» What you are asked to do
Reproduce the records below exactly as given.

[Dataset items]
────────────────────────────────────────

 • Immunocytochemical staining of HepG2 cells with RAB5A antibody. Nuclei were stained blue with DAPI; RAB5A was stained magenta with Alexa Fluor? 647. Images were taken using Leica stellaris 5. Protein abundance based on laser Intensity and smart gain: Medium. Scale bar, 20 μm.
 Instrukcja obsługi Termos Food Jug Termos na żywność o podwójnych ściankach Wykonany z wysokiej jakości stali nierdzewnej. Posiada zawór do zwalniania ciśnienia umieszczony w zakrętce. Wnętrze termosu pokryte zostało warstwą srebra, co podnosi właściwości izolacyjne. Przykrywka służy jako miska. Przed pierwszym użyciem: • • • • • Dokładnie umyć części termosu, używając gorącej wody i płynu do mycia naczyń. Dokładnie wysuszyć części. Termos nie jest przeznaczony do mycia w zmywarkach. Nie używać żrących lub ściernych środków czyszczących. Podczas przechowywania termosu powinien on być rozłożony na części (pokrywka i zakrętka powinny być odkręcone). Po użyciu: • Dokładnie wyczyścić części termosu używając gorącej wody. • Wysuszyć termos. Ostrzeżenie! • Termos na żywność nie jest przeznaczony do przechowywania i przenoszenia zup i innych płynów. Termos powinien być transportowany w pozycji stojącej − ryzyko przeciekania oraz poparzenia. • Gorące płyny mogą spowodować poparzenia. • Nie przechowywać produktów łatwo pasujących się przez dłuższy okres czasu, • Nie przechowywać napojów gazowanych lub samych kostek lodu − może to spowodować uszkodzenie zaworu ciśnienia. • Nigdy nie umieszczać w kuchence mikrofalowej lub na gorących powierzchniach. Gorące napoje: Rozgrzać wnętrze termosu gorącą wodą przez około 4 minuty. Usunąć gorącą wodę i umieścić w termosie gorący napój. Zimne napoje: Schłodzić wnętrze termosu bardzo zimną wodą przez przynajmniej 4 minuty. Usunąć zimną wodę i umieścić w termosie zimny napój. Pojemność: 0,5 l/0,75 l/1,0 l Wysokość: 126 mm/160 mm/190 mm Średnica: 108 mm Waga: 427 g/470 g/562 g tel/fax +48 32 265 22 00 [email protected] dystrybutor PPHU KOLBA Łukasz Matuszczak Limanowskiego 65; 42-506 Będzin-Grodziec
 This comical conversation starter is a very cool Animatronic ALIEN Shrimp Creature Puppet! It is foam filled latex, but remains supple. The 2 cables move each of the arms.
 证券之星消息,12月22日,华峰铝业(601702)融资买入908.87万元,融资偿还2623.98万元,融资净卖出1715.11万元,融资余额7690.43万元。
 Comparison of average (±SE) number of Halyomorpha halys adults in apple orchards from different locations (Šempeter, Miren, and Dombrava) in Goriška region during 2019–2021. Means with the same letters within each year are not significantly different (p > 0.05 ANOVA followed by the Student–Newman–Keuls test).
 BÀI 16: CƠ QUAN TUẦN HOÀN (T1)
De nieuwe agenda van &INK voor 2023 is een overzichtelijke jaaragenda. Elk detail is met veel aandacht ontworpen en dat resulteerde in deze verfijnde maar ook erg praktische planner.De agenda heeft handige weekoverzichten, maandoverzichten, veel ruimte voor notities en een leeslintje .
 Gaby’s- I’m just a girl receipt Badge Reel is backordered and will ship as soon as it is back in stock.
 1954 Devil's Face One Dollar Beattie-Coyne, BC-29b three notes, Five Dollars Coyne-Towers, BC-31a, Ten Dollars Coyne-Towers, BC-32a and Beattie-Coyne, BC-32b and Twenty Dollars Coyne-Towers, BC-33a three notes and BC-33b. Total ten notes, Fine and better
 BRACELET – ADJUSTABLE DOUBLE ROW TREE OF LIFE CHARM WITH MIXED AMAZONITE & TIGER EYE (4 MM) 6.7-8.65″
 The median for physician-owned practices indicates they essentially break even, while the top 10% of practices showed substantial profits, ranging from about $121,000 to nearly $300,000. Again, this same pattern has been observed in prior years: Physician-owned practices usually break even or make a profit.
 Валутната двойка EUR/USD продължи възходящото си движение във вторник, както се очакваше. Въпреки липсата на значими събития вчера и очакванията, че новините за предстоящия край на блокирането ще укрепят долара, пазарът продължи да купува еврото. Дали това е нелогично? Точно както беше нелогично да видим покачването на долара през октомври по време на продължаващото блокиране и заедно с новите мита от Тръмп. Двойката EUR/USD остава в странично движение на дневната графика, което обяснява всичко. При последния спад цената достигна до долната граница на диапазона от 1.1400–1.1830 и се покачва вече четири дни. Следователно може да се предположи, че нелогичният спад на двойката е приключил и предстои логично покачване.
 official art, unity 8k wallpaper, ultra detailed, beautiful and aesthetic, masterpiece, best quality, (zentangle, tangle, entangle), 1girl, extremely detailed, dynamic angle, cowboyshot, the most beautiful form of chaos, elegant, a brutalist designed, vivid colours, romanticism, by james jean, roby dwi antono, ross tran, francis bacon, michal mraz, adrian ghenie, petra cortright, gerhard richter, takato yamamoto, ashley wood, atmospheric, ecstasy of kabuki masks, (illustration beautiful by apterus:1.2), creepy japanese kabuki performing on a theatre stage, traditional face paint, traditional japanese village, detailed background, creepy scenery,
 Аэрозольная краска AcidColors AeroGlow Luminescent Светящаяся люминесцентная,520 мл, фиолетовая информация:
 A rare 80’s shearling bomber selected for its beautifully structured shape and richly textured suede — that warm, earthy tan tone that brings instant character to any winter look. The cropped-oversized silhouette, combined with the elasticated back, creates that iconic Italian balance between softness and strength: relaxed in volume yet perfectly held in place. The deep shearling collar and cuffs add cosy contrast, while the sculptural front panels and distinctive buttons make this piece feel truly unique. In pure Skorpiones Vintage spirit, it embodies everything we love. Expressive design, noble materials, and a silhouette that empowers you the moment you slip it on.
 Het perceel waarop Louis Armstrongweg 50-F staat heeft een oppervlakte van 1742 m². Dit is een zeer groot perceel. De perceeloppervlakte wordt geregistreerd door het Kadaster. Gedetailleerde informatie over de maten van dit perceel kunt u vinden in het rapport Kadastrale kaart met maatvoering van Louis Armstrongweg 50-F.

────────────────────────────────────────

» Your solution
 • Immunocytochemical staining of HepG2 cells with RAB5A antibody. Nuclei were stained blue with DAPI; RAB5A was stained magenta with Alexa Fluor? 647. Images were taken using Leica stellaris 5. Protein abundance based on laser Intensity and smart gain: Medium. Scale bar, 20 μm.
 Instrukcja obsługi Termos Food Jug Termos na żywność o podwójnych ściankach Wykonany z wysokiej jakości stali nierdzewnej. Posiada zawór do zwalniania ciśnienia umieszczony w zakrętce. Wnętrze termosu pokryte zostało warstwą srebra, co podnosi właściwości izolacyjne. Przykrywka służy jako miska. Przed pierwszym użyciem: • • • • • Dokładnie umyć części termosu, używając gorącej wody i płynu do mycia naczyń. Dokładnie wysuszyć części. Termos nie jest przeznaczony do mycia w zmywarkach. Nie używać żrących lub ściernych środków czyszczących. Podczas przechowywania termosu powinien on być rozłożony na części (pokrywka i zakrętka powinny być odkręcone). Po użyciu: • Dokładnie wyczyścić części termosu używając gorącej wody. • Wysuszyć termos. Ostrzeżenie! • Termos na żywność nie jest przeznaczony do przechowywania i przenoszenia zup i innych płynów. Termos powinien być transportowany w pozycji stojącej − ryzyko przeciekania oraz poparzenia. • Gorące płyny mogą spowodować poparzenia. • Nie przechowywać produktów łatwo pasujących się przez dłuższy okres czasu, • Nie przechowywać napojów gazowanych lub samych kostek lodu − może to spowodować uszkodzenie zaworu ciśnienia. • Nigdy nie umieszczać w kuchence mikrofalowej lub na gorących powierzchniach. Gorące napoje: Rozgrzać wnętrze termosu gorącą wodą przez około 4 minuty. Usunąć gorącą wodę i umieścić w termosie gorący napój. Zimne napoje: Schłodzić wnętrze termosu bardzo zimną wodą przez przynajmniej 4 minuty. Usunąć zimną wodę i umieścić w termosie zimny napój. Pojemność: 0,5 l/0,75 l/1,0 l Wysokość: 126 mm/160 mm/190 mm Średnica: 108 mm Waga: 427 g/470 g/562 g tel/fax +48 32 265 22 00 [email protected] dystrybutor PPHU KOLBA Łukasz Matuszczak Limanowskiego 65; 42-506 Będzin-Grodziec
 This comical conversation starter is a very cool Animatronic ALIEN Shrimp Creature Puppet! It is foam filled latex, but remains supple. The 2 cables move each of the arms.
 证券之星消息,12月22日,华峰铝业(601702)融资买入908.87万元,融资偿还2623.98万元,融资净卖出1715.11万元,融资余额7690.43万元。
 Comparison of average (±SE) number of Halyomorpha halys adults in apple orchards from different locations (Šempeter, Miren, and Dombrava) in Goriška region during 2019–2021. Means with the same letters within each year are not significantly different (p > 0.05 ANOVA followed by the Student–Newman–Keuls test).
 BÀI 16: CƠ QUAN TUẦN HOÀN (T1)
De nieuwe agenda van &INK voor 2023 is een overzichtelijke jaaragenda. Elk detail is met veel aandacht ontworpen en dat resulteerde in deze verfijnde maar ook erg praktische planner.De agenda heeft handige weekoverzichten, maandoverzichten, veel ruimte voor notities en een leeslintje .
 Gaby’s- I’m just a girl receipt Badge Reel is backordered and will ship as soon as it is back in stock.
 1954 Devil's Face One Dollar Beattie-Coyne, BC-29b three notes, Five Dollars Coyne-Towers, BC-31a, Ten Dollars Coyne-Towers, BC-32a and Beattie-Coyne, BC-32b and Twenty Dollars Coyne-Towers, BC-33a three notes and BC-33b. Total ten notes, Fine and better
 BRACELET – ADJUSTABLE DOUBLE ROW TREE OF LIFE CHARM WITH MIXED AMAZONITE & TIGER EYE (4 MM) 6.7-8.65″
 The median for physician-owned practices indicates they essentially break even, while the top 10% of practices showed substantial profits, ranging from about $121,000 to nearly $300,000. Again, this same pattern has been observed in prior years: Physician-owned practices usually break even or make a profit.
 Валутната двойка EUR/USD продължи възходящото си движение във вторник, както се очакваше. Въпреки липсата на значими събития вчера и очакванията, че новините за предстоящия край на блокирането ще укрепят долара, пазарът продължи да купува еврото. Дали това е нелогично? Точно както беше нелогично да видим покачването на долара през октомври по време на продължаващото блокиране и заедно с новите мита от Тръмп. Двойката EUR/USD остава в странично движение на дневната графика, което обяснява всичко. При последния спад цената достигна до долната граница на диапазона от 1.1400–1.1830 и се покачва вече четири дни. Следователно може да се предположи, че нелогичният спад на двойката е приключил и предстои логично покачване.
 official art, unity 8k wallpaper, ultra detailed, beautiful and aesthetic, masterpiece, best quality, (zentangle, tangle, entangle), 1girl, extremely detailed, dynamic angle, cowboyshot, the most beautiful form of chaos, elegant, a brutalist designed, vivid colours, romanticism, by james jean, roby dwi antono, ross tran, francis bacon, michal mraz, adrian ghenie, petra cortright, gerhard richter, takato yamamoto, ashley wood, atmospheric, ecstasy of kabuki masks, (illustration beautiful by apterus:1.2), creepy japanese kabuki performing on a theatre stage, traditional face paint, traditional japanese village, detailed background, creepy scenery,
 Аэрозольная краска AcidColors AeroGlow Luminescent Светящаяся люминесцентная,520 мл, фиолетовая информация:
 A rare 80’s shearling bomber selected for its beautifully structured shape and richly textured suede — that warm, earthy tan tone that brings instant character to any winter look. The cropped-oversized silhouette, combined with the elasticated back, creates that iconic Italian balance between softness and strength: relaxed in volume yet perfectly held in place. The deep shearling collar and cuffs add cosy contrast, while the sculptural front panels and distinctive buttons make this piece feel truly unique. In pure Skorpiones Vintage spirit, it embodies everything we love. Expressive design, noble materials, and a silhouette that empowers you the moment you slip it on.
 Het perceel waarop Louis Armstrongweg 50-F staat heeft een oppervlakte van 1742 m². Dit is een zeer groot perceel. De perceeloppervlakte wordt geregistreerd door het Kadaster. Gedetailleerde informatie over de maten van dit perceel kunt u vinden in het rapport Kadastrale kaart met maatvoering van Louis Armstrongweg 50-F.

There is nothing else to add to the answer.